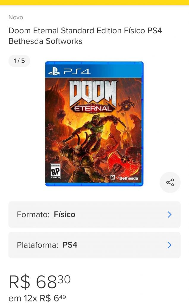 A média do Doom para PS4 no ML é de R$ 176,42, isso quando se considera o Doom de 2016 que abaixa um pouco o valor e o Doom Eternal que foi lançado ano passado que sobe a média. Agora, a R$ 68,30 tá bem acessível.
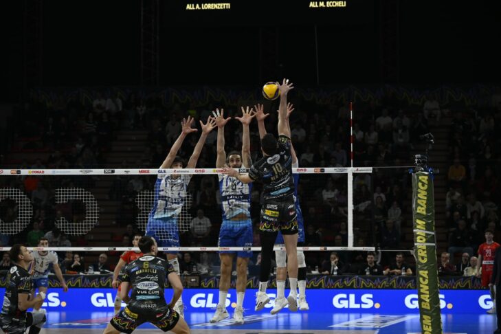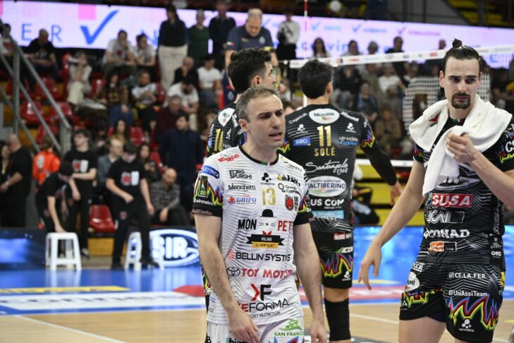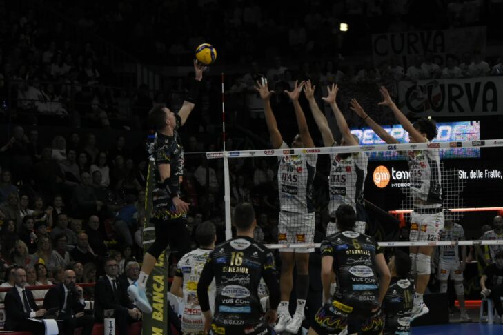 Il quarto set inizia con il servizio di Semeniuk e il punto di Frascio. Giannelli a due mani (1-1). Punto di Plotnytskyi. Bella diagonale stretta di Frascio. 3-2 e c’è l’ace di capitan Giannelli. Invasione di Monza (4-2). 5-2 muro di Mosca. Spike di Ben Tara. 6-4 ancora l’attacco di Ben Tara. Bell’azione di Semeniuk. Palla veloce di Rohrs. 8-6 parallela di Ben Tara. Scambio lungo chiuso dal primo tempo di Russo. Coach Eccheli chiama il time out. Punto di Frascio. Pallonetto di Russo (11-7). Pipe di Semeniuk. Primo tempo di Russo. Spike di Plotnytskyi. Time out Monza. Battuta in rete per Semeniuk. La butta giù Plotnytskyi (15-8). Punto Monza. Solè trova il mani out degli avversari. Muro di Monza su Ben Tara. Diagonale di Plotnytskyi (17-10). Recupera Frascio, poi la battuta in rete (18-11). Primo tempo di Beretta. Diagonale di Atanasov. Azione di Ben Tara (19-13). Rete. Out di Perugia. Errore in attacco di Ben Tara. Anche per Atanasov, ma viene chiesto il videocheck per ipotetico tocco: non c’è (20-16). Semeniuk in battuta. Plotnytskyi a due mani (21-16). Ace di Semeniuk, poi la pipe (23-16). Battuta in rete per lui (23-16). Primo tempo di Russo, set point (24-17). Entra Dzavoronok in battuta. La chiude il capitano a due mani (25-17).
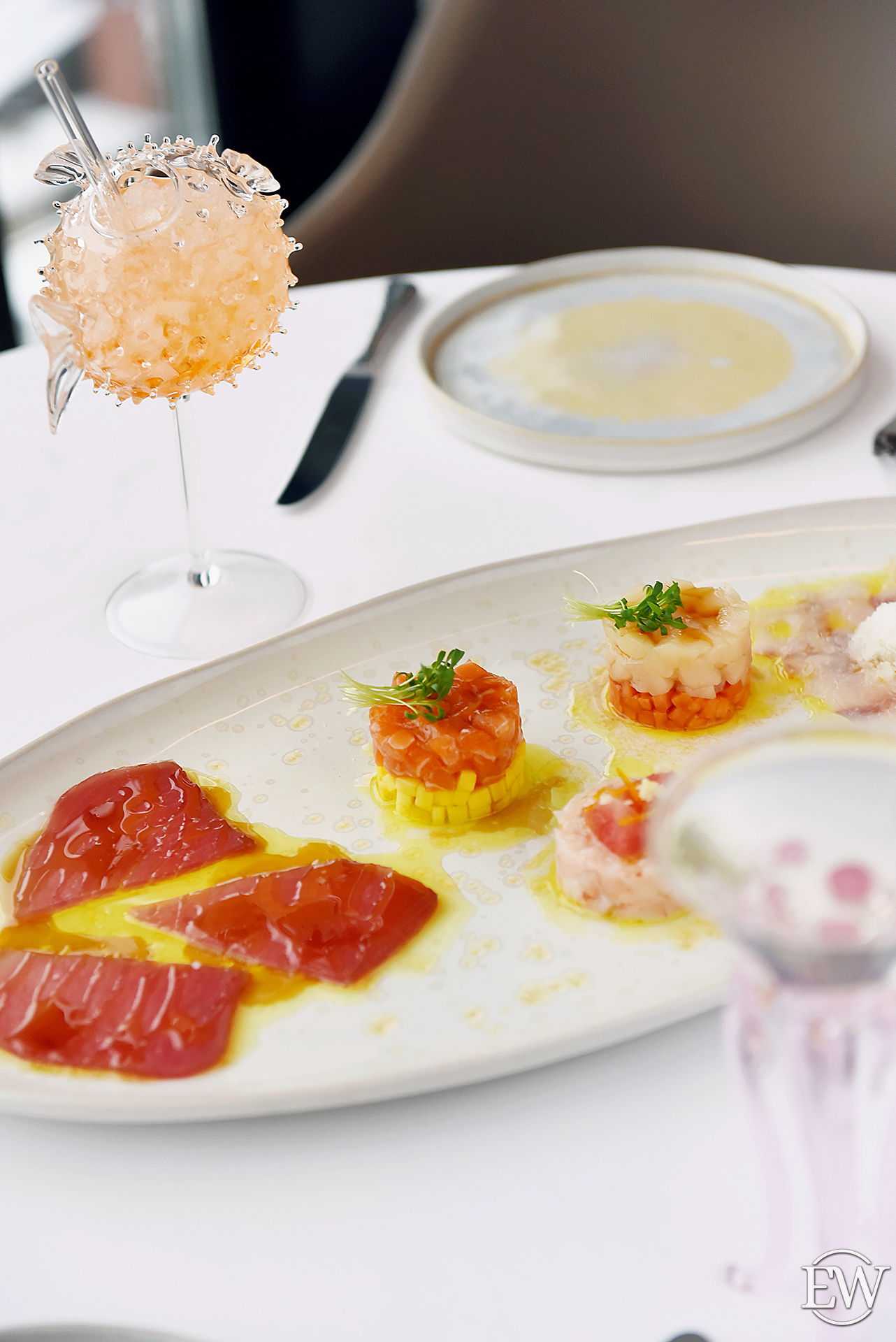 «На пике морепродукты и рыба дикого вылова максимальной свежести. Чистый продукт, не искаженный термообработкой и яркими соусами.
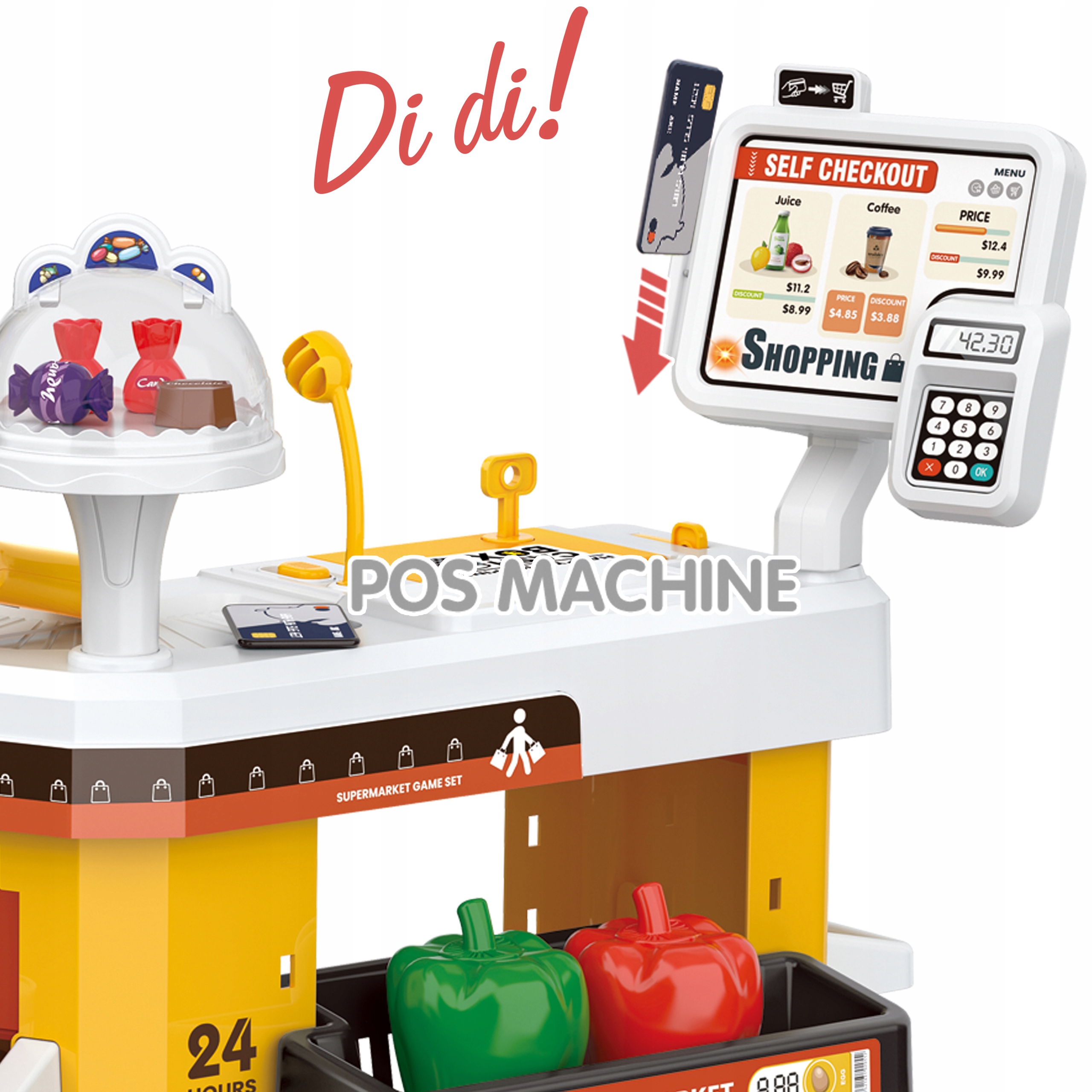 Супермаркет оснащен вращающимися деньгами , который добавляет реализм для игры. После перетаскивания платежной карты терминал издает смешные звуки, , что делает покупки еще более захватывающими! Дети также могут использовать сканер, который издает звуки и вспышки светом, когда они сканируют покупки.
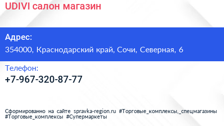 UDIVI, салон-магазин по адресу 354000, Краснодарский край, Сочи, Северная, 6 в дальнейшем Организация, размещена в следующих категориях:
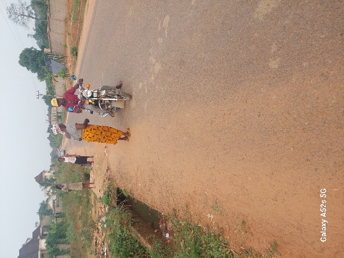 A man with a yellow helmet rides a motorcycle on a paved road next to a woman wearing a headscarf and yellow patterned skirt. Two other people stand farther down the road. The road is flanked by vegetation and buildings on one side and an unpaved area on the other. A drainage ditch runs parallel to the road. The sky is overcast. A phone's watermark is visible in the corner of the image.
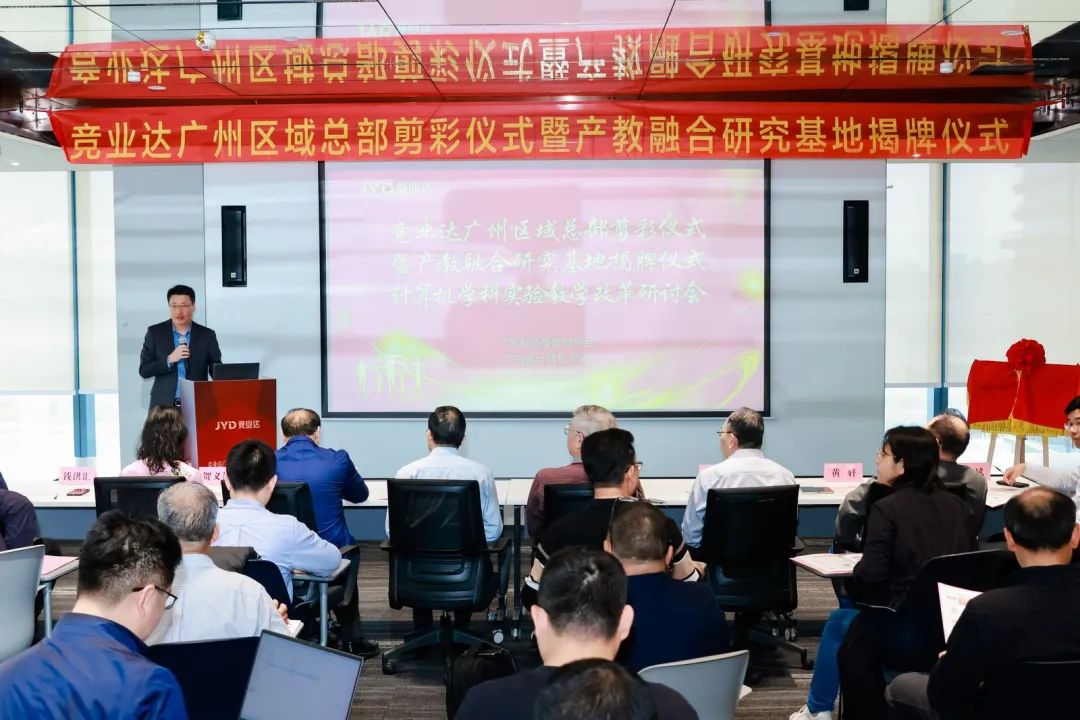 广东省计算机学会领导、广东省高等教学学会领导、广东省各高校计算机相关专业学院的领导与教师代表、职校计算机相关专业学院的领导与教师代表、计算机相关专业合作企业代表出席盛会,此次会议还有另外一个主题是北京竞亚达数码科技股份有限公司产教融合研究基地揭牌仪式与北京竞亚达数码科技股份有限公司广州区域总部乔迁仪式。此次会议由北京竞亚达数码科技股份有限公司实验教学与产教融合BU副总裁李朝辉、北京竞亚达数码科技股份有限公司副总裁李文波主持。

* * *

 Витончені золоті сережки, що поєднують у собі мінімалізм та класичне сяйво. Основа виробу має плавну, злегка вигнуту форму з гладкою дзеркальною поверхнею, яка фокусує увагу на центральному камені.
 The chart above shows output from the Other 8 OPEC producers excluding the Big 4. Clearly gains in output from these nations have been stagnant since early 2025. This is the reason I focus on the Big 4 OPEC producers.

Work to complete: Though the entries above contain pictures, none should be copied; reproduce only the lines between the one holding "A man with a" and the one holding "广东省计算机学会领导、广东省", inclusive, exactly as written.

Your response:
 A man with a yellow helmet rides a motorcycle on a paved road next to a woman wearing a headscarf and yellow patterned skirt. Two other people stand farther down the road. The road is flanked by vegetation and buildings on one side and an unpaved area on the other. A drainage ditch runs parallel to the road. The sky is overcast. A phone's watermark is visible in the corner of the image.
 广东省计算机学会领导、广东省高等教学学会领导、广东省各高校计算机相关专业学院的领导与教师代表、职校计算机相关专业学院的领导与教师代表、计算机相关专业合作企业代表出席盛会,此次会议还有另外一个主题是北京竞亚达数码科技股份有限公司产教融合研究基地揭牌仪式与北京竞亚达数码科技股份有限公司广州区域总部乔迁仪式。此次会议由北京竞亚达数码科技股份有限公司实验教学与产教融合BU副总裁李朝辉、北京竞亚达数码科技股份有限公司副总裁李文波主持。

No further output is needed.